En el siglo XXI la malaria todavía lleva a cabo una terrible presión sobre las vidas de millones de personas, en particular en el África subsahariana. Sin embargo, desde el cambio de milenio ha habido una reducción del 40% en la incidencia de la enfermedad clínica, evitando un estimado de 663 millones de casos clínicos. Se ha estimado que la mayor parte de esta reducción es el resultado de los enormes esfuerzos que se han hecho en el control de vectores del paludismo de los mosquitos. El 68% de la reducción en la prevalencia de la infección se ha atribuido al uso de largas mosquiteras tratados con insecticidas duraderos (LLIN), y un 19% a la pulverización de interiores (IRS). Es, por tanto, evidente que los insecticidas están jugando un papel clave en la prevención de la malaria. Sin embargo, muchos de los implicados en el control de vectores de la malaria ahora consideran que este gran logro para estar bajo la amenaza cada vez mayor por los niveles de resistencia a los insecticidas en los vectores anofelinos de la malaria.
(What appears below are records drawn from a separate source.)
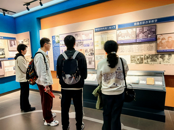 走进博物馆,序厅中巨幅西迁浮雕瞬间将大家带回那个激情燃烧的年代。讲解员详细介绍了1955年党中央、国务院作出交通大学内迁西安的重大决策背景,让团员们深刻认识到这一决策对国家工业化建设和西部发展的深远意义。在溯源厅,丰富的历史文物、图片资料清晰展现了交大从1896年南洋公学起步,历经百年风雨与国家民族命运紧密相连的发展历程,尤其是抗战时期坚持教育救国、科学救国的壮举,让团员们深感震撼。
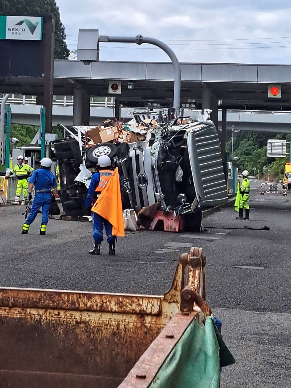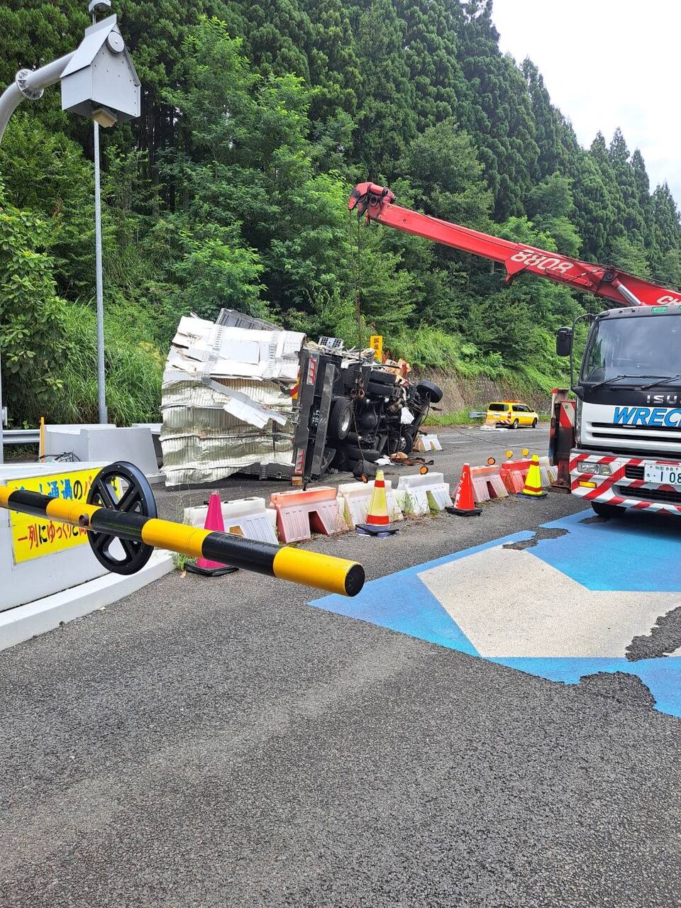 秋田空港IC料金所にトラック突っ込み横転 岩城―秋田空港の下り線通行止め https://t.co/WDLaxCd2nX
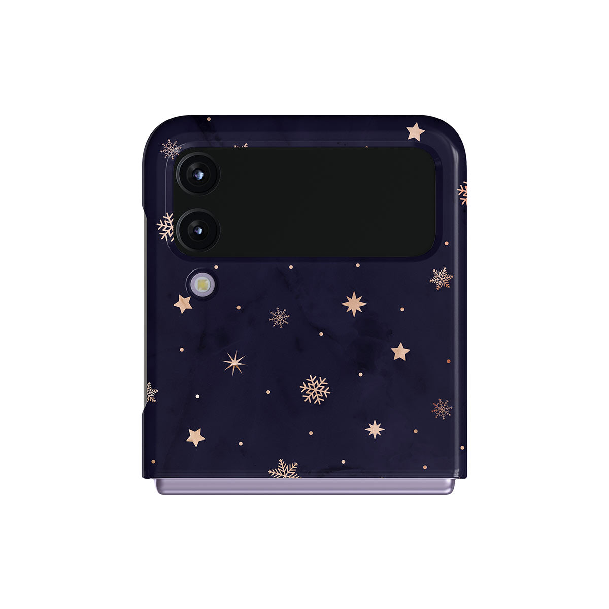 With a dreamy combination of dark blue and golden colors in the pretty star pattern found in our Midnight Kiss Samsung Galaxy Z Flip 4 phone case, you can protect your phone and add a magical feel to it just in one go.
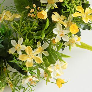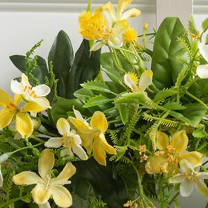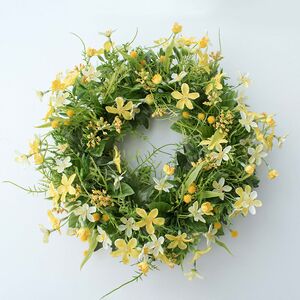 Украшение на дверь в виде венка Gorgeous - Луговые Цветы вдохнет в пространство теплые краски весны! Венок собран из множества искусственных зеленых трав и дополнен нежными желтыми цветками - идеальное сочетание элементов и оттенков для оформления интерьера к Пасхе и для круглогодичного декора.
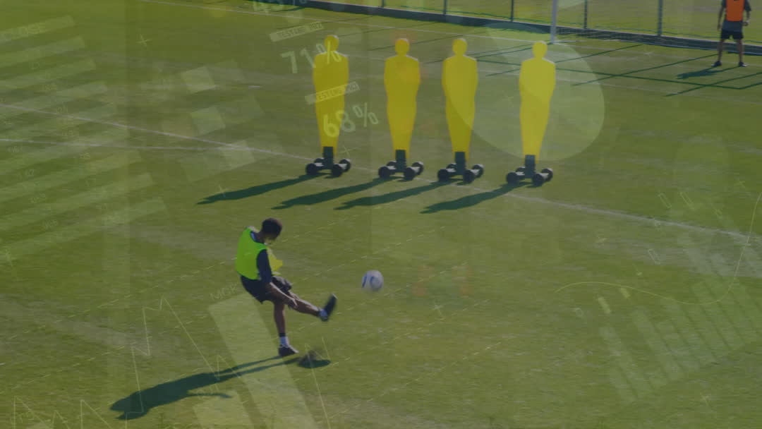 Exciting display of a soccer player practicing a free-kick on a field with statistical data overlay in bright colors. The visual combination of athletics and technology highlights modern analysis tools used for performance enhancement. An excellent choice for topics related to sports technology advancements, data in athletics, or football training. Perfect for articles, presentations, or video content focusing on the integration of sports with digital analytics.
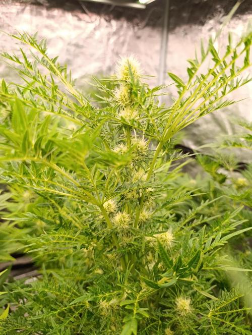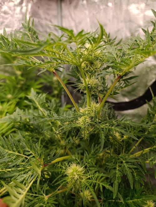 La Mentha de Croco inicia su segunda semana de floración con un crecimiento constante y equilibrado. Sus ramas principales y laterales se estiran con armonía, mientras los pistilos comienzan a aparecer marcando los primeros indicios de floración. La genética muestra buena estabilidad y aprovecha la luz de manera eficiente, aunque con un desarrollo algo más contenido que otras variedades más vigorosas.
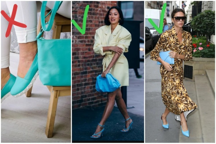 Хоча я вважаю, що це правило вже застаріло, і поєднувати сумку і взуття одного кольору в образі можна. Але тут ще важливу роль відіграє актуальність і сучасність як взуття, так і сумки. Ще близько двох років тому Вікторія Бекхем наплювала на це модне правило і відправилася на світський захід у ансамблі з синьою сумочкою і таких же туфель. А на тижні моди в Нью-Йорку ще минулої осені стрітстайлери показали класні образи з сумочками в тон взуття. І хто їм може сказати, що вони виглядали старомодно?
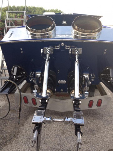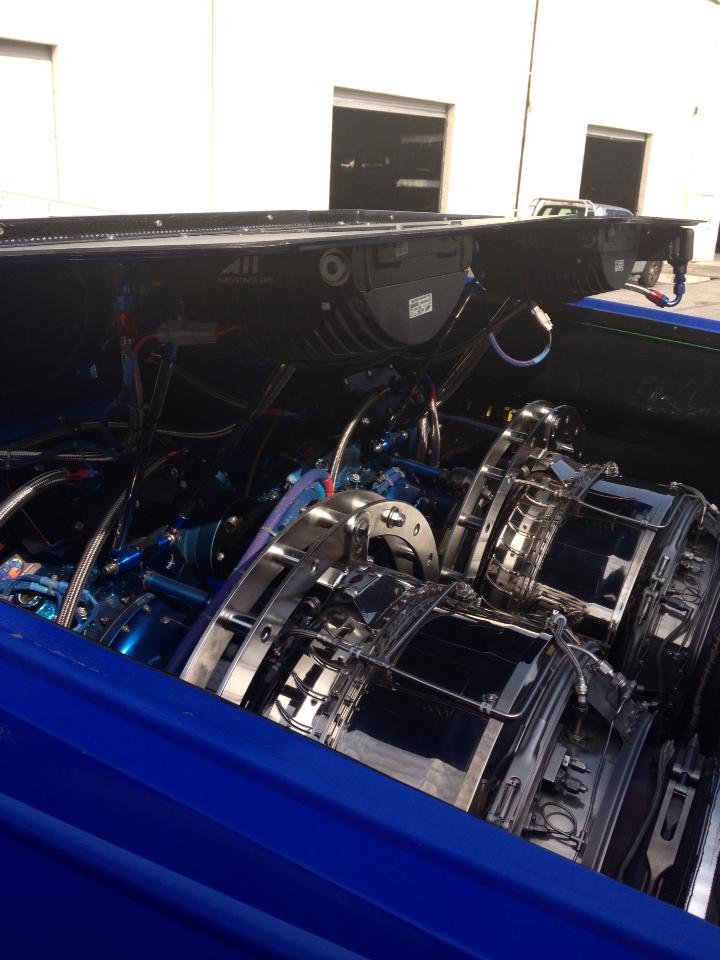 For over a year the Team at Miss GEICO Racing MISS GEICO RACING | Extreme Unlimited Class Racing under the leadership of Gary Stray has been transforming the old INXS Race Boat into a modern marvel now rigged with Twin Lycoming L13-703 coupling the 3700 total HP to Arneson Drives Arneson Surface Drives, this former Multi-Time World and National Champion race boat will now be campaigned as a bad to the bone pleasure boat.
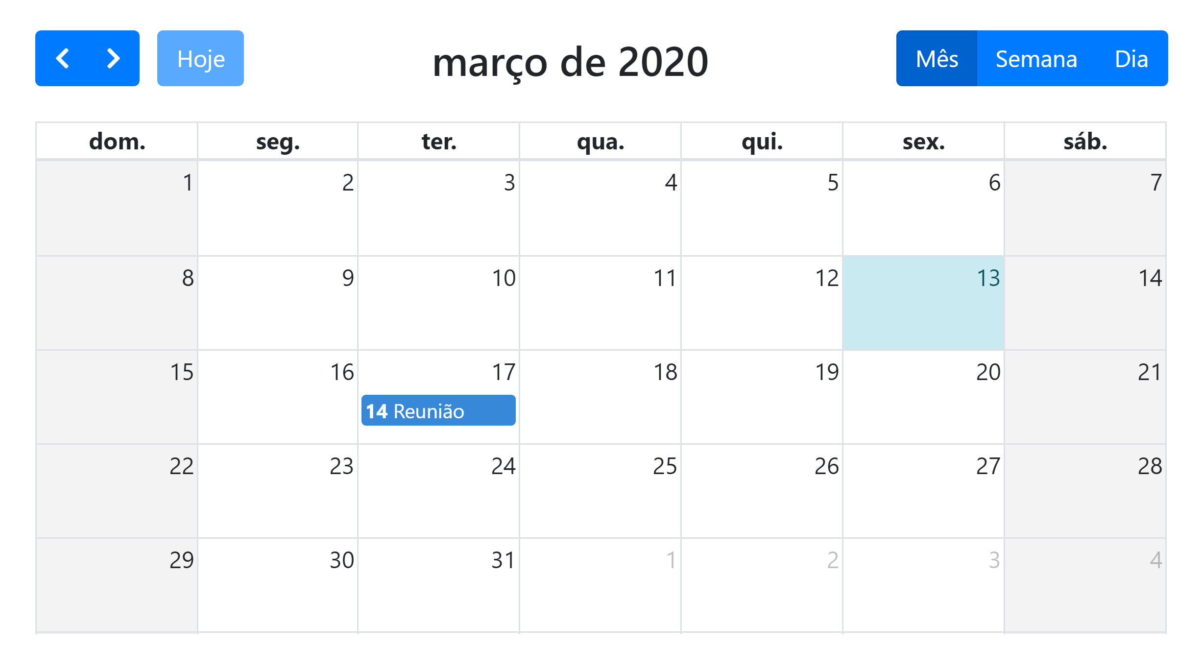 | Modo de Visualização | Define o modo de visualização do calendário. - Mês: Visualização padrão de um calendário, exibindo todos itens do mês. - Semana: Visualização dos dias da semana. - Dia: Visualização das horas do dia. OBS: O usuário poderá alterar a visualização pela barra de navegação do calendário, essa propriedade define qual vai ser o modo de visualização inicial. | Lista | Mês |
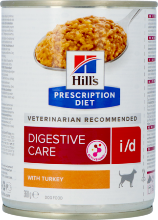Hill's Prescription Diet i/d Hondenvoer met Kalkoen is een goed verteerbaar, volledig dieetvoeder voor de vermindering van intestinale absorptiestoornissen, voor de compensatie voor een slechte spijsvertering en voor exocriene pancreasinsufficiëntie bij honden. Dit voeder bevat meer natrium en kalium en goed verteerbare ingrediënten.
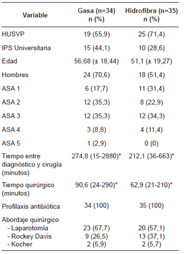 Aquellos pacientes operados en otras instituciones, con procedimientos por laparoscopia, inmunosuprimidos, diabéticos y quienes requirieron material protésico o succión negativa fueron excluidos del estudio.

Desde el año 2000, una clase de insecticidas ha dominado el control de vectores. Los insecticidas piretroides poseen una combinación única de alta potencia contra los mosquitos anofelinos, capacidad para derribarlos rápidamente, un grado de repelencia, las comodidades para formulación y tienen un perfil de seguridad humana aceptable. Insecticidas piretroides se han utilizado exclusivamente en WHOPES (Organización Mundial de la Salud Plan de Evaluación de Plaguicidas) recomienda mosquiteras. Tener las poblaciones de mosquitos expuestos a los insecticidas casi continuamente durante 15 años, no hay que sorprenderse de la resistencia a los piretroides y esta resistencia se está extendiendo rápidamente por todo África.

La resistencia a los insecticidas se desarrolla debido a la presión de selección en una población de insectos. Si un rasgo hereditario permite que el objetivo de insectos para sobrevivir y reproducirse después de la exposición al insecticida, entonces la proporción de la población que lleva ese rasgo habrá aumentado en la generación posterior. La exposición posterior de esa población al mismo insecticida, o una con el mismo modo de acción, se traducirá en una todavía mayor proporción de supervivientes. A medida que la proporción de supervivientes aumenta a la exposición, se hace más probable que se produzca un fallo de control.

El desarrollo de resistencia a los insecticidas en vectores de mosquitos tiene precedente. La historia demuestra que las poblaciones de mosquitos se han vuelto resistentes a todos los insecticidas que se han utilizado en su contra. Ya se vio como un problema en el año 1958, cuando se informó en el Boletín de la Organización Mundial de la Salud, que se encontraron varios vectores de mosquitos importantes de malaria que eran resistentes al DDT. Esta resistencia a los insecticidas fue uno de los factores que contribuyeron al fracaso de los grandes esfuerzos realizados durante los años 1950 y 60 para erradicar la malaria.